Like all LPFM stations, New Haven Independent Radio’s broadcast footprint wouldn’t extend much beyond the city limits, although it would stream online as well — which could be significant, Bass says, given predictions that most cars will have streaming Internet radio within a few years.

Inspired by Haverhill

Bass says he got the idea from WHAV Radio in Haverhill, Mass., a nonprofit online community station (it also has a weak AM signal) whose volunteer general manager, Tim Coco, is seeking to expand with an LPFM license of his own. (I wrote about Coco’s radio ambitions last summer.) Coco, who runs an advertising agency and is a local politico of some note, is also among a group of residents working to launch a cooperatively owned community news site to be called Haverhill Matters, under the auspices of the Banyan Project.

“I’m happy I provided some inspiration,” Coco told me by email. “I believe the more local voices, the better for the community.”

Although Bass, if he is successful, may be the first hyperlocal news-site operator to start an independent radio station, the connection between the two media is a natural one.
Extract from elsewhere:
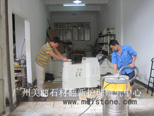 广州市美丽石材翻新护理研究中心是一家专致于石材翻新养护设备的研发、生产和销售、石材养护技术开发与培 训,提供专业石材翻新护理、防护工程服务,清洁剂、清洁机械用品生产、销售的综合型实体企业。从事石材翻新护 理研究和服务十余年,积累着丰富的施工经验。花岗石打磨翻新护理是我公司的强项和新技术。 花岗石为什么需要打磨翻新? 花岗岩(石)有很多种,其中我们见得最多和普遍的是麻石,麻石又有很多种。例如深灰麻、山东白麻、美国白 麻等。其主要由石英、云母构成,其主要成分为二氧化硅、硅酸钙等物质。摩氏硬度值为 6.5 左右,质地坚硬。所以 一般新铺的各种花岗岩地面使用 2-3年还是光亮如新,除非采用了错误清洁保养方法或一楼人流密集的地方就容易失 去光泽。花岗石地板石材长期使用也照样容易出现和磨损、孔洞、橘皮现象,亦即回归到原来的毛板或粗加工状态, 这时就产生了地面花岗岩的打磨翻新、抛光与护理的需要。请浏览下面视频及图片。 花岗石翻新需要选用的机器设备? 花岗石的磨损,其主要表现为表面的人工加光晶体层磨损、云母脱落、凹陷。此时石材表面有少量凹入的麻点出 现,当麻点不断增多时,花岗岩表面光亮度下降,失去原有光泽,用手触摸时有凹凸感,像橘子表皮一样,就是我们 常说的花岗岩橘皮现象,所以使用重型美石石材翻新机配合花岗岩加工时所用的特殊磨块打磨翻新抛光花岗岩就可还 原石材出厂时的高光亮度的晶体层。 花岗石翻新需要采用什么方法? 由于花岗石质地坚硬和其化学分子结构决定的特性,故其表面受损时单纯使用化学类养护剂、研磨剂等进行养护 很难达到理想效果,即使有一定得光洁度都是暂时性的附着物性质的光亮层。而只有运用重型的美石石材翻新机配合 石材加工专用磨具采用物理研磨方法,其效果要远远好于单纯使用化学类产品进行研磨加光,其才是真正的花岗岩翻 新或再加工。同时使用物理研磨方法打磨翻新必须满足三个条件 。 花岗石翻新需要具备哪些条件? 第一、翻新机的重量必须在200—250公斤; 第二、翻新机磨盘的大小为:粗磨(首道工序)磨盘直径为25-30厘米,第二道工序开始至抛光磨盘直径应为35 -60厘米。磨盘转速必须在400转/min(粗磨、细磨)和900转/min(抛光)左右。也就是说,在石材研磨工序中需要重 量和低转速这两个必要条件。 第三、在抛光出亮度的工序中,根据磨盘的大小需要相应的一定的磨盘压力【即机身前端重量(可调节)】和高 转速和磨抛的火候条件(即时间控制与干湿控制)。目前市场上使用的普通加重机因重量低、转速低(150转/min, 中国电压),无法满足花岗石翻新物理研磨所需的必备条件,所以花岗岩打磨翻新后出现波浪、剪口斜坡现象,效果 很不理想。因此,我们推荐选用meistone美石石材打磨翻新机。(如下图)美石石材翻新机进行花岗岩的打磨翻新, 其重量有250KG,转速400-800转/分,可挂挡调速,操作方便,满足花岗岩翻新所需条件,翻新直接磨块抛光后的花岗石 光亮度在85-90度以上,完全接近原石材出厂时的光亮度。可浏览我公司花岗岩详见优酷网花岗岩磨抛视频。 花岗岩翻新所需设备、配件及耗材:开缝机、灰刀、云石胶、防水剂、4 寸或马蹄形树脂金属粗磨片(块)、树脂 磨块、白色抛光垫、吸水机、告示牌、水鞋、喷壶、测光仪、玻璃刮洗器和水桶等。 花岗岩翻新工作程序及施工方法 ①在工作现场设立告示牌,为防止泥浆污物溅到墙壁,用塑料透明薄膜把地面围墙壁底部贴好。 ②勾(切)缝、防水、补胶。 ③重型石材翻新机配合磨块低速研磨。 ④重型石材翻新机改变重量(亦即降低磨盘压力)配合磨块高速抛光 ⑤加重机配合白垫、钢丝棉、中性树脂型晶面剂研磨-----晶面护理。

For instance, Howard Owens, publisher of The Batavian, a for-profit site that covers Genesee County in western New York, has partnered since 2009 with WBTA, an AM station with a strong community presence. An even more ambitious project is under way in the heart of the country, as the St. Louis Beacon news site is merging with St. Louis Public Radio.

Donna Halper, a longtime radio consultant and historian who is an associate professor of communication at Lesley University, says a multiplatform presence of the sort Bass envisions is crucial at a time when the audience has become fragmented.

“These days, it’s a multimedia world, and even a low-power FM station can get people talking” about your work, she says. “In this kind of environment, the more platforms you are on, the more you have top-of-the-mind awareness.”

On the other hand, industry observer Scott Fybush, who writes about radio for his own eponymous website, warns that Bass may not quite realize what he is getting into.

“Twenty-four hours a day of radio is an unforgiving taskmaster,” Fybush said in an email. “There are lots of applicants in this LPFM window who have what appear to be noble ideas, but keeping a station going with engaging programming day in and day out isn’t easy to do.”

Three-way contest

But that’s getting ahead of things, because first Bass has to win the three-way contest for the New Haven license. And that is by no means assured. (Bass’s application was filed by the Online Journalism Project, the nonprofit entity that acts as the Independent’s publisher of record.)

According to documents on file with the FCC, the other two applicants are a Spanish-language organization and a Christian broadcaster called Alma Radio. Even though LPFM is intended to encourage localism, Alma proposes to broadcast nationally syndicated religious programs, including “Focus on the Family,” hosted by the controversial evangelical leader James Dobson. Alma Radio’s oversight board, according to a “Purposes and Objectives” document it included with its application, is “composed of members who believe and have a personal relationship with Jesus Christ.”

Although Bass says his ideas for the station are still evolving, he included a detailed proposal with his FCC application, with such diverse offerings as a morning news program; a daily “La Voz Latino Community Hour”; a collaboration with The Inner-City News, a local African-American publication; community theater; and a two-hour evening program to be called “Joe Ugly Presents Local Hip Hop.” (Joe Ugly is the nom de rap of a New Haven music impresario who runs an Internet radio station called Ugly Radio.)

One of the New Haven Independent’s funders has already put up $3,000, which paid for legal and engineering services. If Bass wins the license, he estimates it would cost $30,000 to build the station and $60,000 to $70,000 to pay a full-time employee to run it — a substantial amount over the approximately $500,000 a year the Independent now receives in donations, foundation grants, and corporate sponsorships.

The opportunity is clear enough. Done right, it would enable Bass to bring New Haven Independent journalism, with its hyperlocal emphasis on neighborhoods, schools, and city politics, to a new audience — and to entice that audience, in turn, into sampling the Independent.

The danger, of course, is that the radio project would drain resources and attention away from the Independent itself, diluting its mission with a gamble on a new platform that may or may not succeed. Bass’s answer to that challenge is simple and direct: “We have to make sure it doesn’t.”

Photo (cc) by Michael Coughlan and published under a Creative Commons license. Some rights reserved.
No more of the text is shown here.